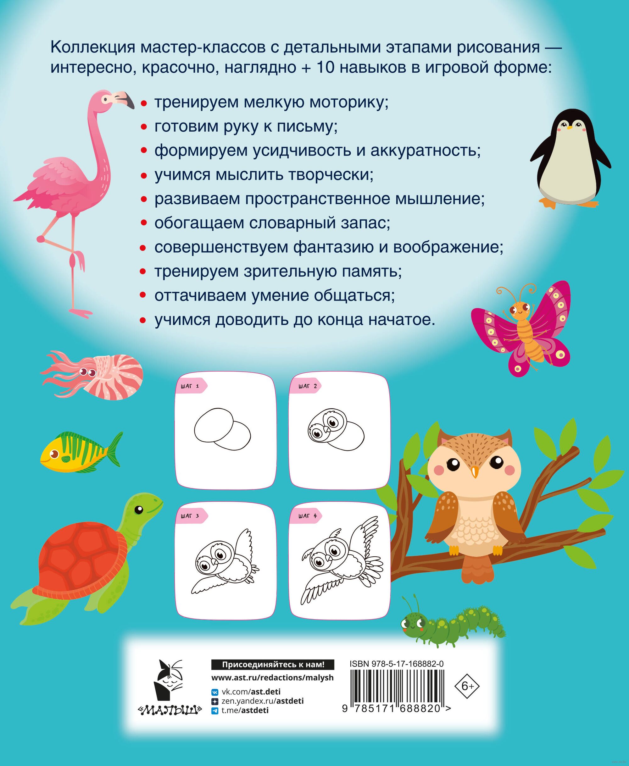 В нашей замечательной книжке – коллекция пошаговых рисовалок. С первых страниц маленький художник поймёт, как в четыре этапа нарисовать всё, что хочется, – пингвина, сову, бабочку, рыбу-клоуна, кузнечика, дельфина, стрекозу и жука-оленя, фламинго и многое другое. А заботливые папы и мамы смогут помочь малышу в творческом начинании.
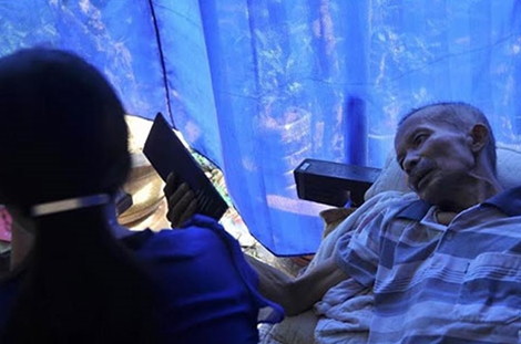 | Thầy giáo Nguyễn Hữu Tinh những ngày cuối trên giường bệnh với tập thơ của mình. |
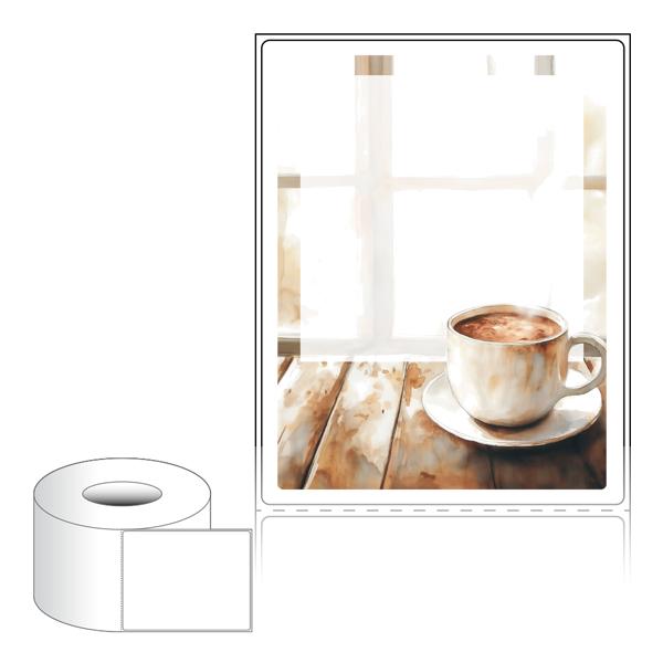 출력용 롤타입 스티커 디자인 라벨지, 규격코드: RL90116, 디자인코드: DA1536(그 겨울의 찻집에서 생각나는 사람에게), 90 x 115.533 (mm) , 지관: 75mm
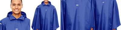 1.5 oz/yd2 / 58 gsm, 100% polyester taffeta with water-resistant finish; Encased elastic at hood opening for superior weather protection; Reflective tape details at front and back shoulders and placket; Two-snap closure at placket with dyed-to-match plastic snaps; Packable into self back pocket with hook and loop closure; Shockcord at lower hem for added weather protection;
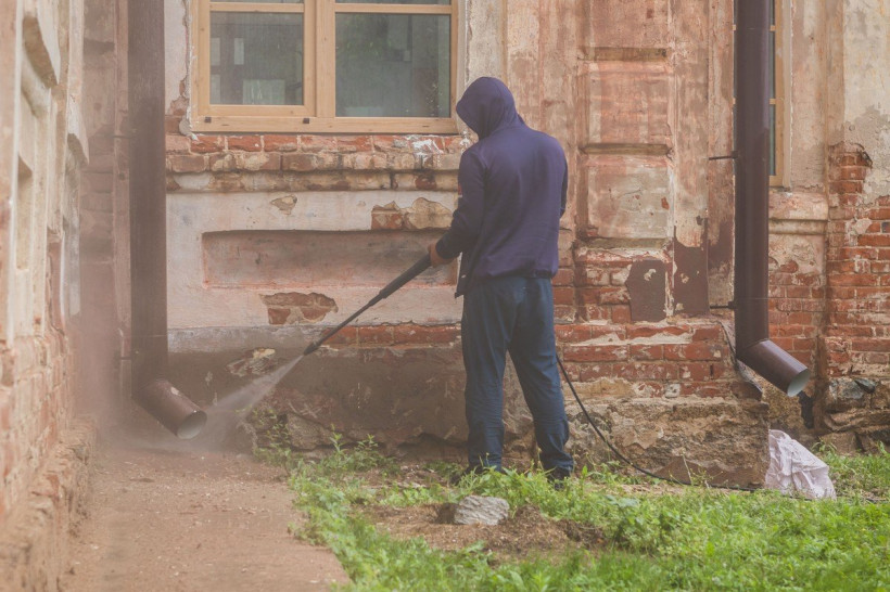 Для того чтобы не повредить старинную кладку, здание очищают от слоя штукатурки специальными деревянными дисками.
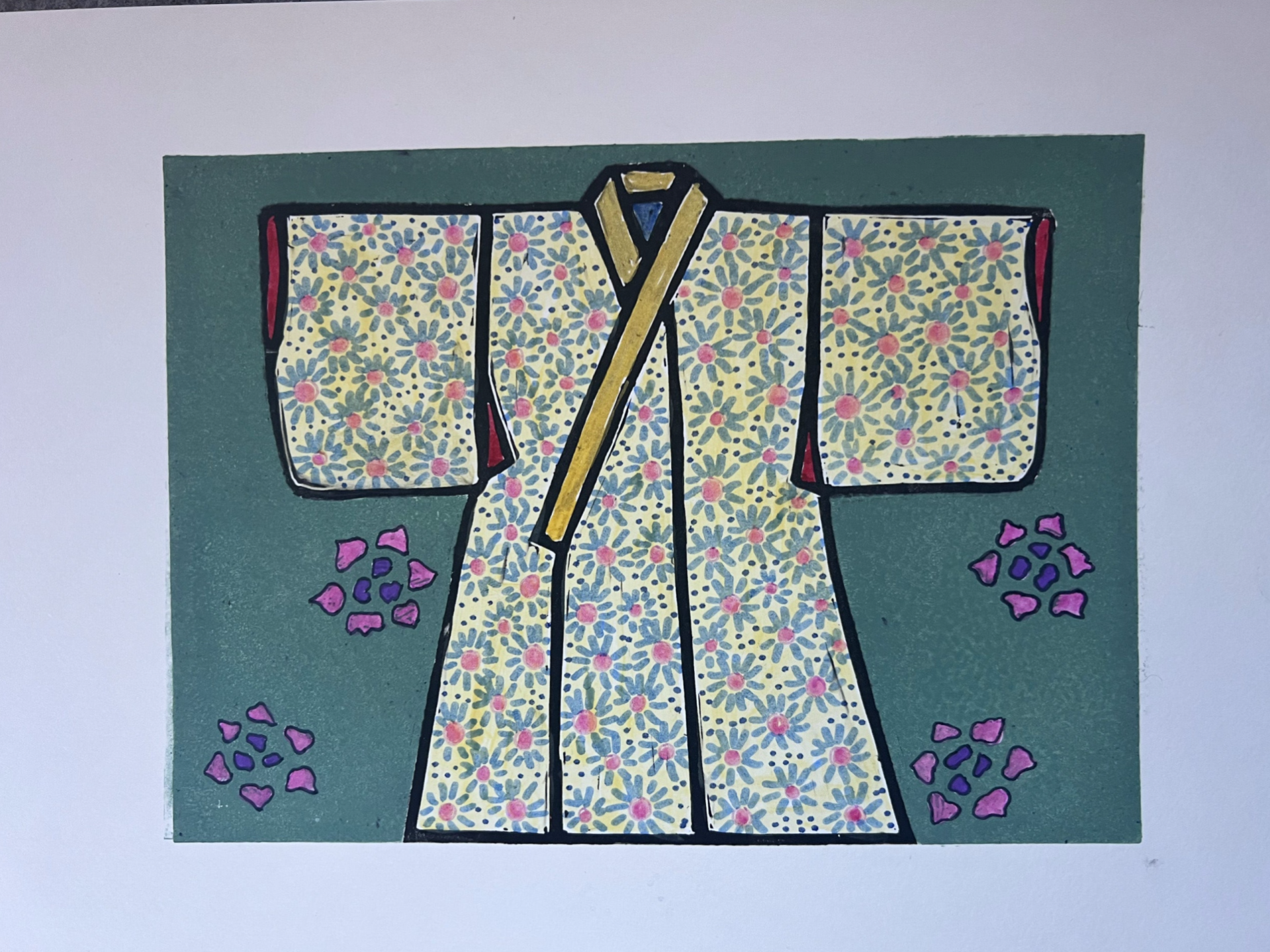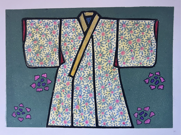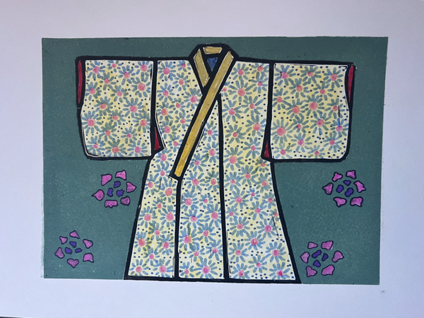 Dit werk is een combinatie van een linoprint en met de handaangebrachte details. De linoprint is afgedrukt met twee onderdelen (de kimono en de achtergrond). Daarna heb ik bij de kimono met de hand details aangebracht. Alle linosnedes zijn door mij met de hand gemaakt en met de hand geprint. Handgedrukte linosnedes kunnen van print tot print variëren. Bekijk de foto's goed voor de details. De linosnedes zijn afgedrukt met block printing inkt op waterbasis. Alle lino's worden of zijn met de hand gesigneerd met potlood. Prijzen kunnen variëren het papier dat gebruikt is en de kwaliteit of complexiteit van de druk van de linosnede of het werk.

━━━━

■ What is being asked: With the images removed, give back every entry exactly as shown.

■ Written reply:
 В нашей замечательной книжке – коллекция пошаговых рисовалок. С первых страниц маленький художник поймёт, как в четыре этапа нарисовать всё, что хочется, – пингвина, сову, бабочку, рыбу-клоуна, кузнечика, дельфина, стрекозу и жука-оленя, фламинго и многое другое. А заботливые папы и мамы смогут помочь малышу в творческом начинании.
 | Thầy giáo Nguyễn Hữu Tinh những ngày cuối trên giường bệnh với tập thơ của mình. |
 출력용 롤타입 스티커 디자인 라벨지, 규격코드: RL90116, 디자인코드: DA1536(그 겨울의 찻집에서 생각나는 사람에게), 90 x 115.533 (mm) , 지관: 75mm
 1.5 oz/yd2 / 58 gsm, 100% polyester taffeta with water-resistant finish; Encased elastic at hood opening for superior weather protection; Reflective tape details at front and back shoulders and placket; Two-snap closure at placket with dyed-to-match plastic snaps; Packable into self back pocket with hook and loop closure; Shockcord at lower hem for added weather protection;
 Для того чтобы не повредить старинную кладку, здание очищают от слоя штукатурки специальными деревянными дисками.
 Dit werk is een combinatie van een linoprint en met de handaangebrachte details. De linoprint is afgedrukt met twee onderdelen (de kimono en de achtergrond). Daarna heb ik bij de kimono met de hand details aangebracht. Alle linosnedes zijn door mij met de hand gemaakt en met de hand geprint. Handgedrukte linosnedes kunnen van print tot print variëren. Bekijk de foto's goed voor de details. De linosnedes zijn afgedrukt met block printing inkt op waterbasis. Alle lino's worden of zijn met de hand gesigneerd met potlood. Prijzen kunnen variëren het papier dat gebruikt is en de kwaliteit of complexiteit van de druk van de linosnede of het werk.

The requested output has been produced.